Should the entries contain pictures, leave them out and return exactly the lines from the first through the line holding "cold water bottle".

---

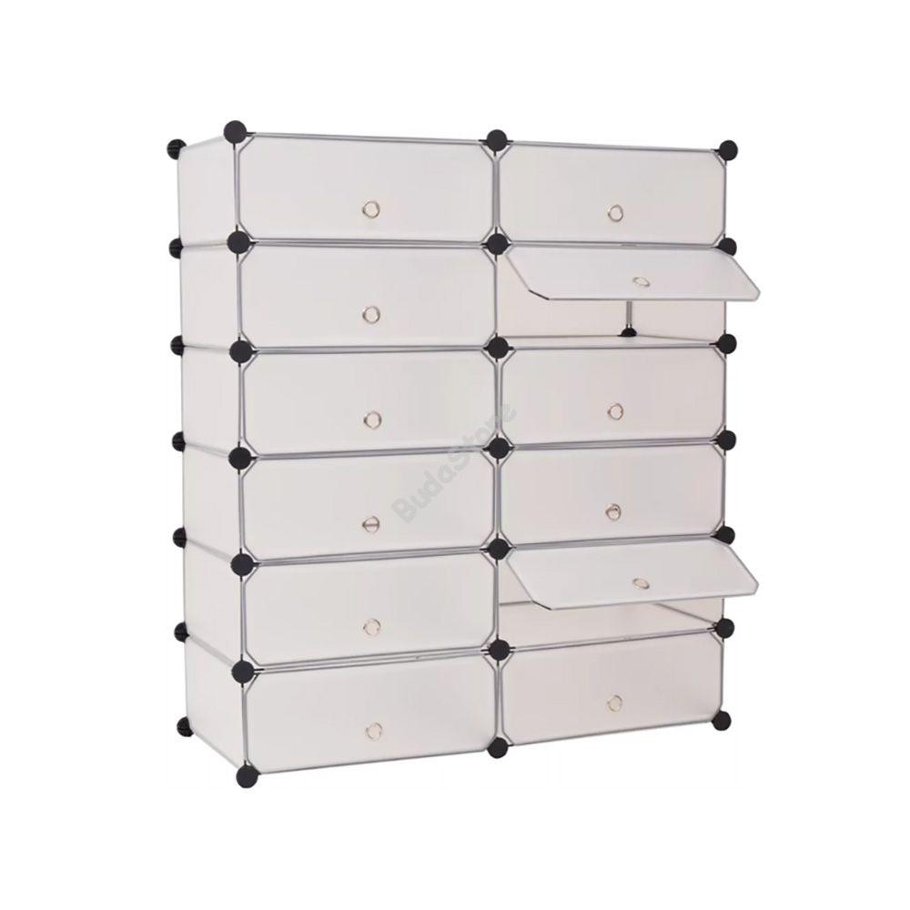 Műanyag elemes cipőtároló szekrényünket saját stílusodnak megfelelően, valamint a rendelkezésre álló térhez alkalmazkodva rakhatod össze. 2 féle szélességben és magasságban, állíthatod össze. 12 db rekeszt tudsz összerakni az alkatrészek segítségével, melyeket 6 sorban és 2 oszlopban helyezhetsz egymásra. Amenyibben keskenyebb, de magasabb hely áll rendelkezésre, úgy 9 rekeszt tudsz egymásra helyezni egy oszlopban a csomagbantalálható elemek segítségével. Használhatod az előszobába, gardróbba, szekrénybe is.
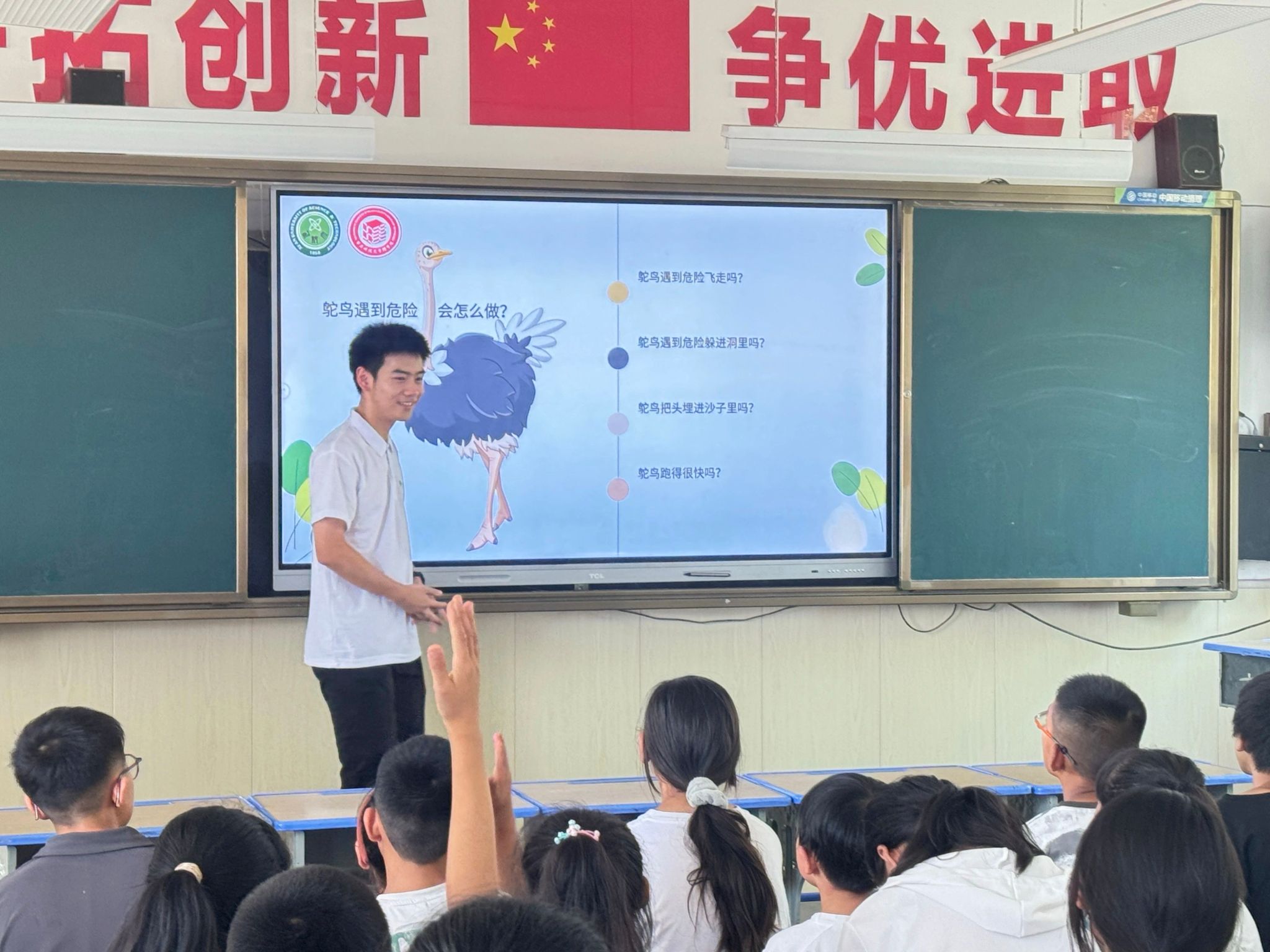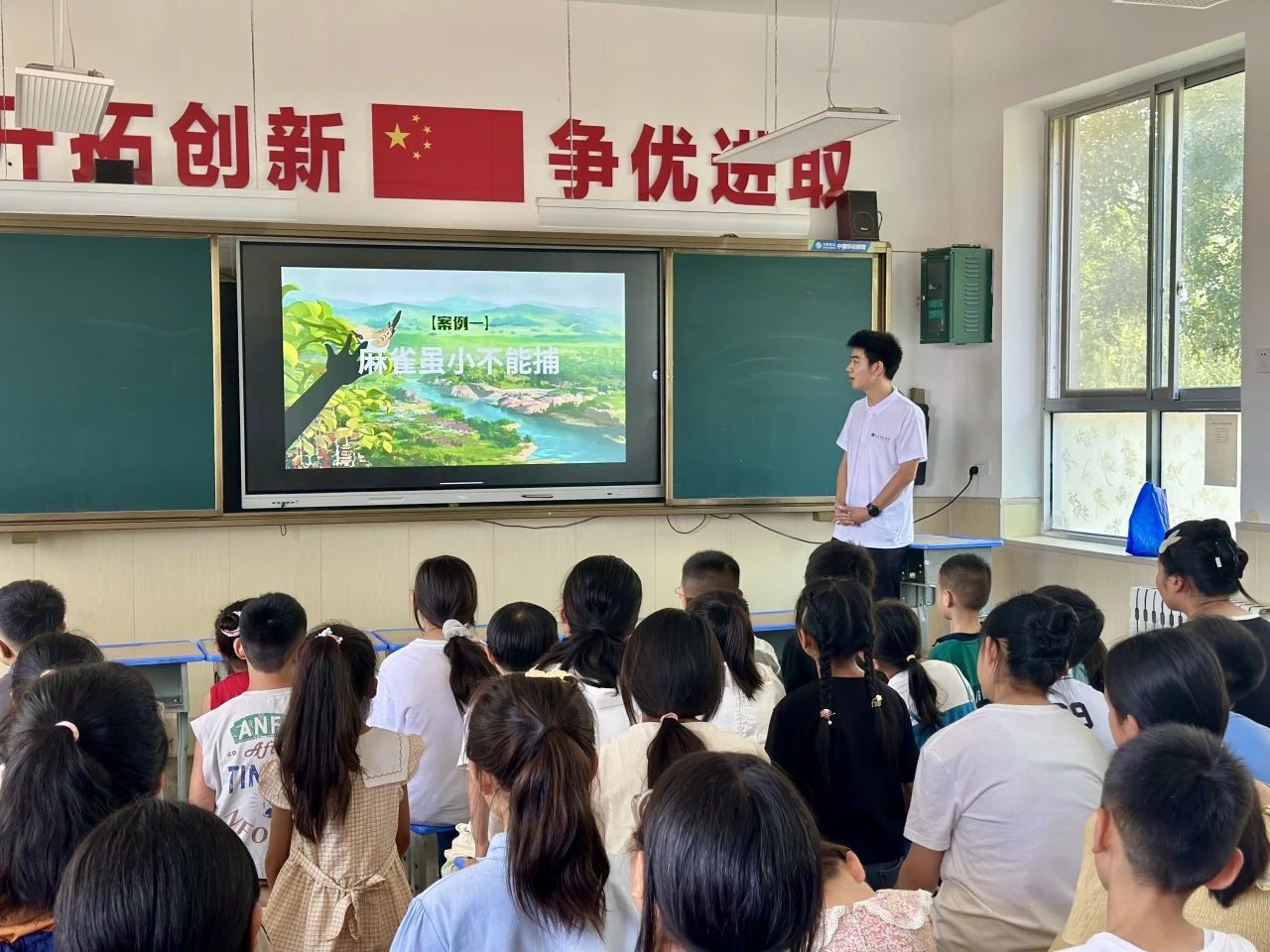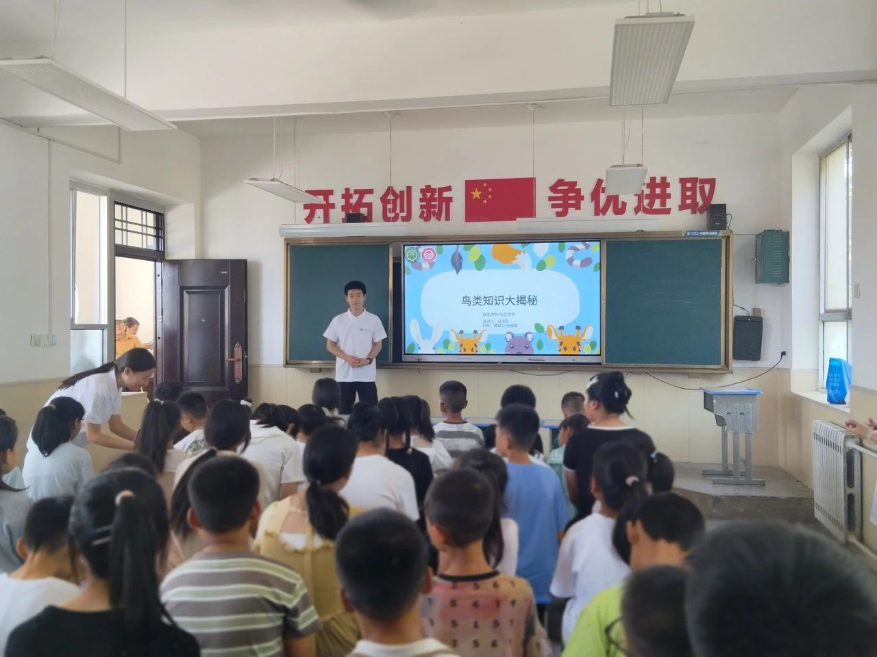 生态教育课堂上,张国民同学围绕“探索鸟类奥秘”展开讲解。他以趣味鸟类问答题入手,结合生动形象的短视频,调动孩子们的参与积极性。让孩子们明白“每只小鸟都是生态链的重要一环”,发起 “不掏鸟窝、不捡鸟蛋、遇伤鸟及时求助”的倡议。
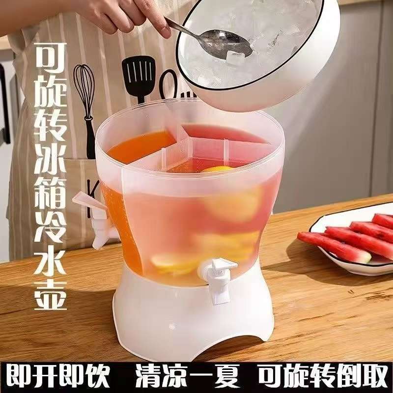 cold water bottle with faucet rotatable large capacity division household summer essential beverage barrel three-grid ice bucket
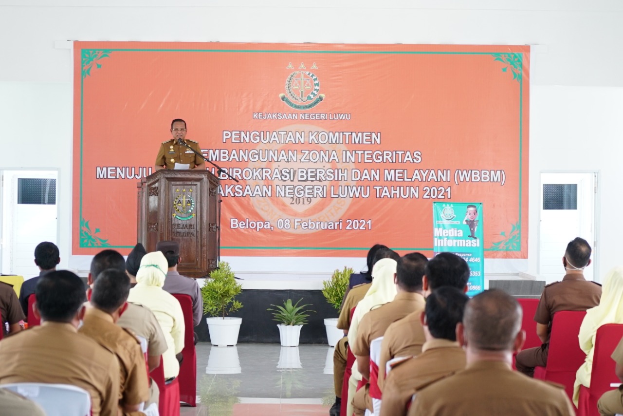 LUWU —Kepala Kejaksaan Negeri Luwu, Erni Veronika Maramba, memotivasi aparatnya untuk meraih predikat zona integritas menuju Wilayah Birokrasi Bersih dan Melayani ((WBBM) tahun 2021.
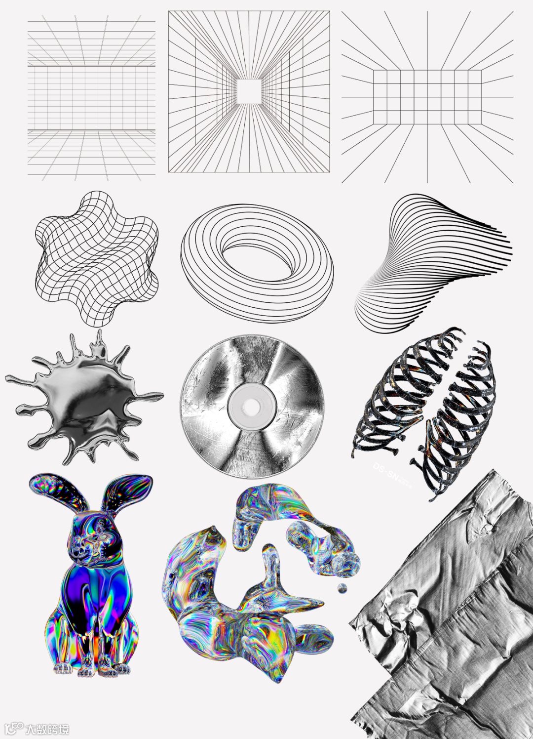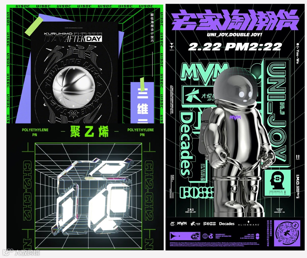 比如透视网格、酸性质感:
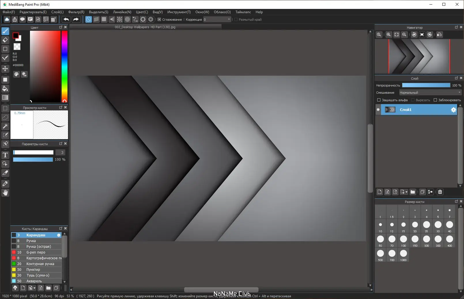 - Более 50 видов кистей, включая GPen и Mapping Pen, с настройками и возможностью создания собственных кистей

---

**Answer:**
 Műanyag elemes cipőtároló szekrényünket saját stílusodnak megfelelően, valamint a rendelkezésre álló térhez alkalmazkodva rakhatod össze. 2 féle szélességben és magasságban, állíthatod össze. 12 db rekeszt tudsz összerakni az alkatrészek segítségével, melyeket 6 sorban és 2 oszlopban helyezhetsz egymásra. Amenyibben keskenyebb, de magasabb hely áll rendelkezésre, úgy 9 rekeszt tudsz egymásra helyezni egy oszlopban a csomagbantalálható elemek segítségével. Használhatod az előszobába, gardróbba, szekrénybe is.
 生态教育课堂上,张国民同学围绕“探索鸟类奥秘”展开讲解。他以趣味鸟类问答题入手,结合生动形象的短视频,调动孩子们的参与积极性。让孩子们明白“每只小鸟都是生态链的重要一环”,发起 “不掏鸟窝、不捡鸟蛋、遇伤鸟及时求助”的倡议。
 cold water bottle with faucet rotatable large capacity division household summer essential beverage barrel three-grid ice bucket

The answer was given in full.